Cahaya matahari mulai redup duka mengiringi kesepian yang menyelimuti setiap jengkal tanah Terminal Mendolo, setelah ditinggal sebagian penghuninya.

Mas Hans, Mas Himawan, Mbak Asti plus Mas Hadi, Mbak Tya dan Mas Rifky telah bersiap di dalam armada 18 J. Armada yang sama, yang akan membawa mereka merapat kembali ke ibukota. Tak selang lama, tangan-tangan dilambaikan seirama “cambuk” Mas Agung menghela pedati Batavia Express untuk meninggalkan Mendolo.

Betapa kejamnya seorang algojo yang bernama sang waktu itu. Belum puas kami merasakan damainya nilai kebersamaan, begitu cepat ia memenggal kemesraan kami. Baru saja kemarin malam bertemu, malam ini kami harus berpisah kembali.

Tinggal penulis bersama Mas Adit dan Kang Asep yang masih tertinggal, menanti bus Budiman Wonosobo-Tasik-Bandung sebagai tunggangan estafet perdana trip menuju Jakarta.

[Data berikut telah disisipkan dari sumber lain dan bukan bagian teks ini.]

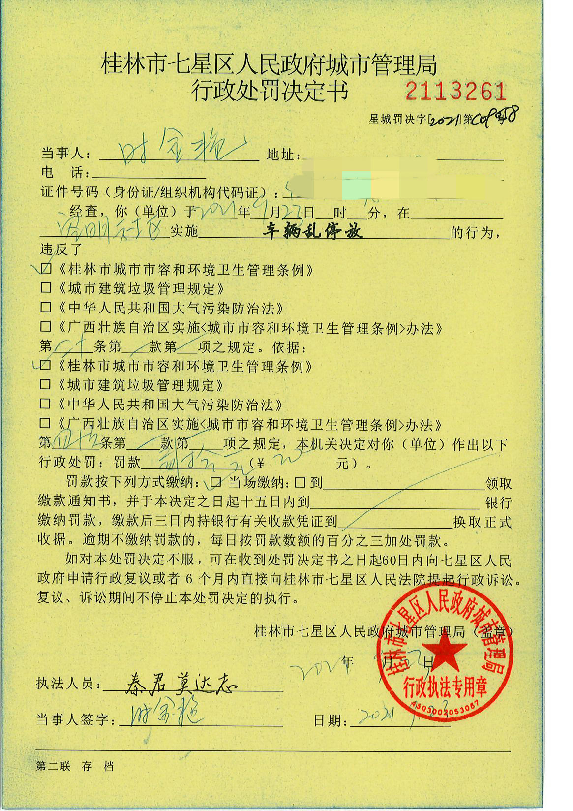 桂林市七星区城市管理局行政处罚决定书星城罚决字〔2021〕C09058号-时金艳
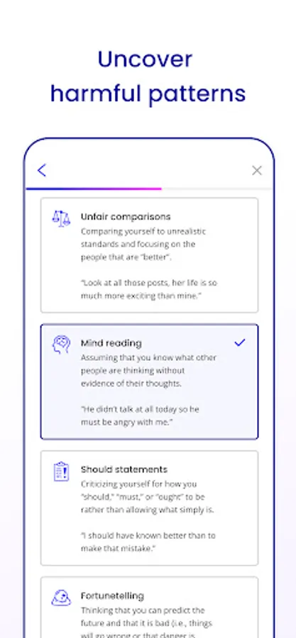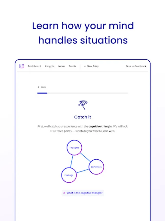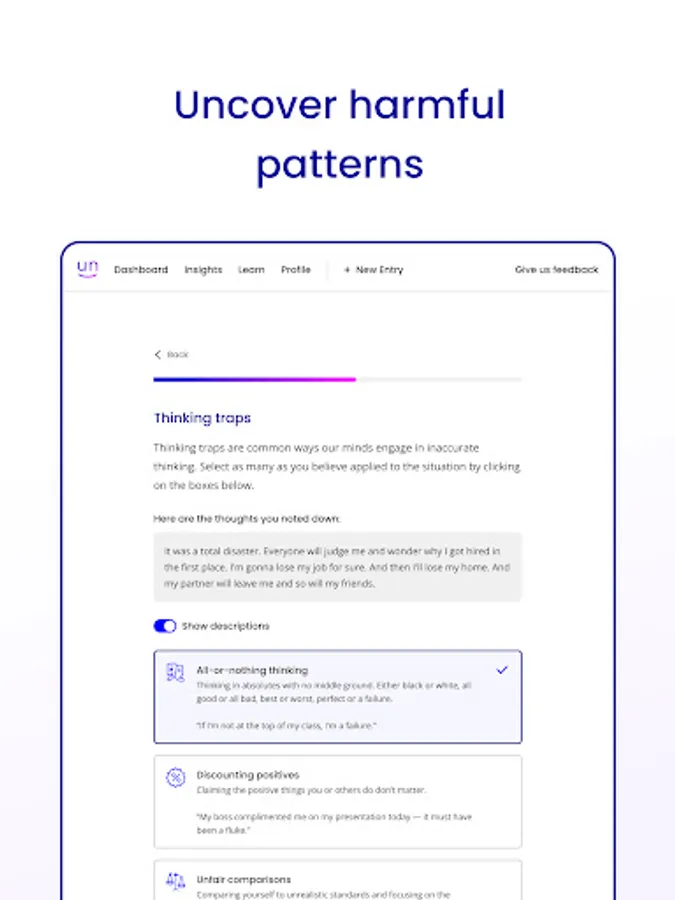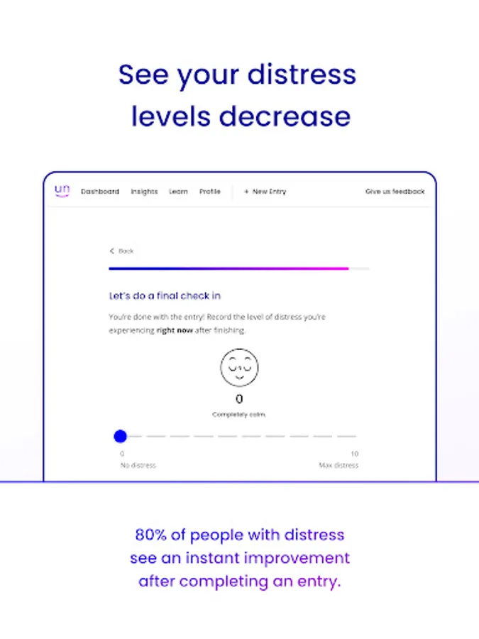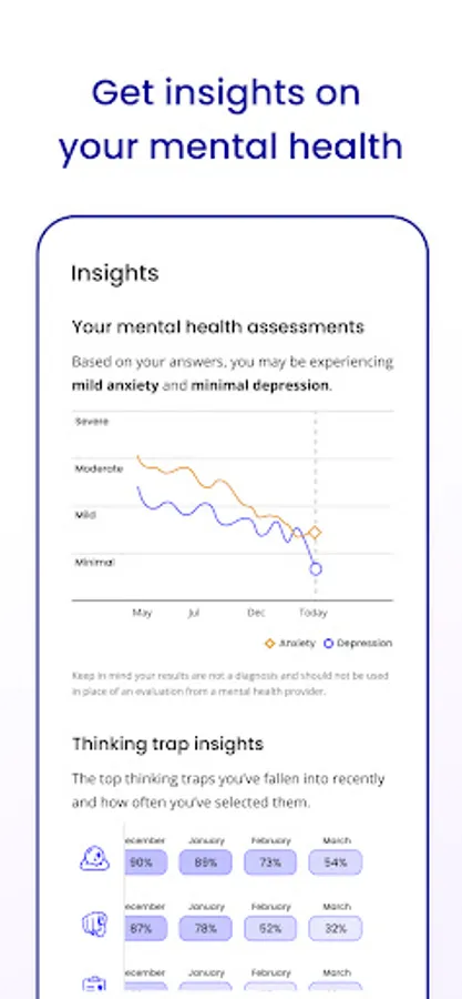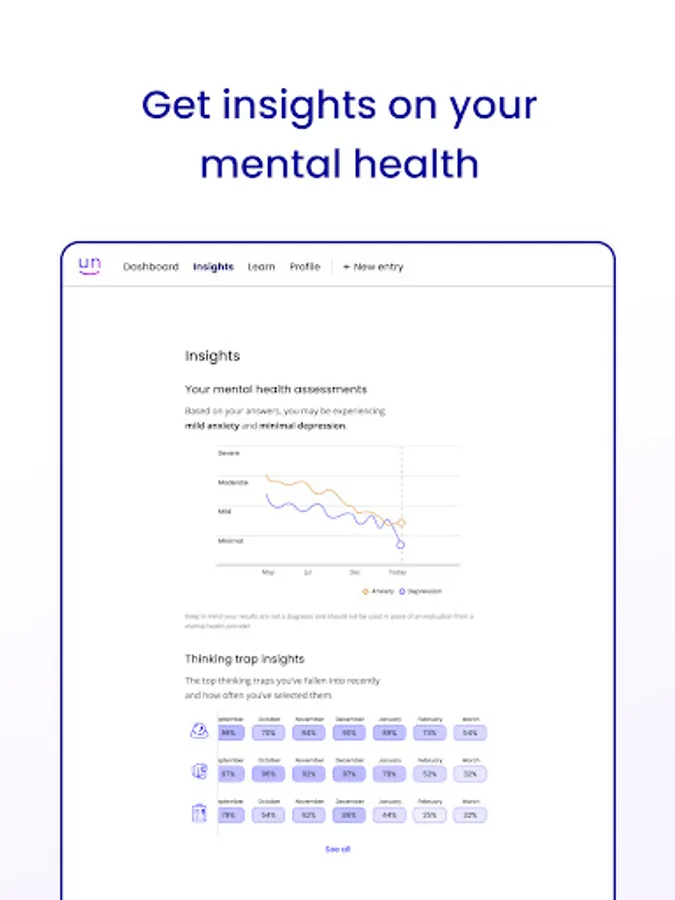 Unstuck will deliver personalized insights so you can understand how your thought patterns change over time. Discover which thinking traps you’ve overcome and which you’re still falling into. See how events in your life are tied to changing levels of anxiety and depression. Draw meaningful connections to accelerate your mental health improvement.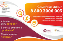 C 1 июля 2021 года Ассоциация организаций по защите семьи приступила к реализации семейно-демографического проекта «На защите семьи и детства». В рамках проекта на все субъекты РФ открыт федеральный номер Семейной линии 8-800-3006-003, который работает ежедневно и круглосуточно, предлагая заявителям безвозмездную социально-информационную, консультативную, юридическую и иную помощь.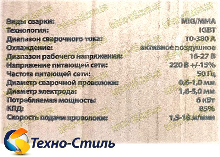Характеристики модели Минск МGА MIG/MMA-380N IGBT: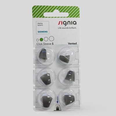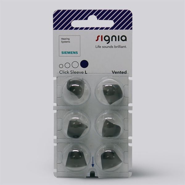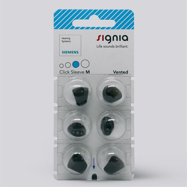 Signia Click Sleeves er domes til høreapparater, som kan bruges til flere af Signias høreapparater, såsom Signia Silk samt almindelige Reciever i øret høreapparater. Ved Signias små Silk høreapparater, som er næsten usynlige inde i øret, sættes domen på høreapparatet og sikrer en perfekt pasform til øregangen. Endvidere gør anti-slip effekten, at høreapparaterne bliver inde i øret hele tiden. Der kan vælges mellem flere versioner af Signia Click Sleeves, hvor der findes både en åben og ventileret version.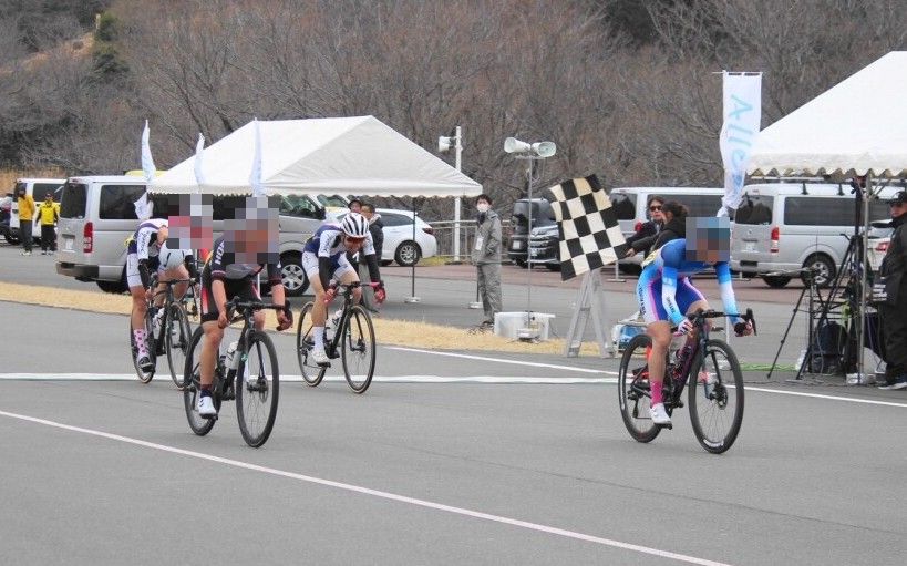 中盤には正則の2人も懸命にトップ3人の追走を試みますが、ブリッジは掛からず25名程度のメイン集団でレースを展開します。トップ2人(愛媛県と京都府の選手)のペースは凄まじく、後方を1分以上引きちぎり、2人のマッチレースはファイナルラップまで続きました。トップからは離されたものの、正則2人のランデブー走行は途切れず、7位争いの集団で最終ラップに突入します。通常のレースでは登り地点のゴールですが、今回はスタートアンドフィニッシュが同一の下り地点の為、最高速付近でのゴールスプリントとなります。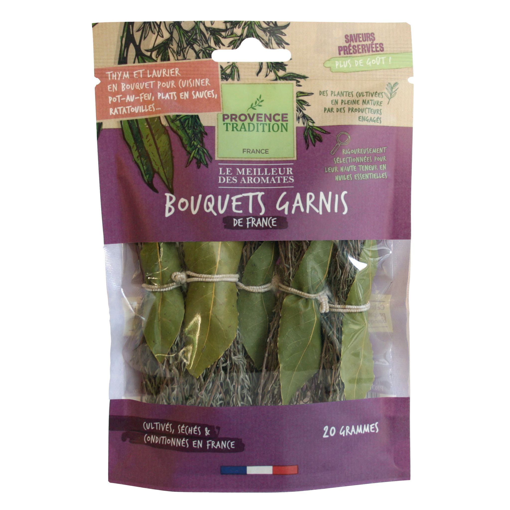 Nos bouquets garnis offrent un parfum exceptionnel. Ils sont tout prêts à plonger dans vos courts bouillons et ragoûts. Un bouquet garni suffit à enrichir savoureusement votre plat.

Sembari menunggu jam keberangkatan, kami bertiga mengisinya dengan saling mencurahkan isi hati. Betapa momen-momen indah ini begitu singkat berlalu. Kami tak ingin, kesan mendalam pendakian ke Dieng hanya cukup sampai di sini.

Sebisa mungkin, ritual turing bersama ini akan kami rutinkan, tentunya tanpa ikatan interval berkalanya. Cukup insidental saja.

Kemudian, bertiga menajamkan rencana yang telah diwacanakan sebelumnya. Turing berikutnya akan kita sodorkan. Cijulang ataukah Ujung Kulon?

Biarlah sementara waktu jawaban itu mengambang, belum ada ketok palu keputusan. Toh, ada forum KPK Pulogadung, tempat di mana kami boleh bermimpi dan berangan-angan selaku bocah bismania.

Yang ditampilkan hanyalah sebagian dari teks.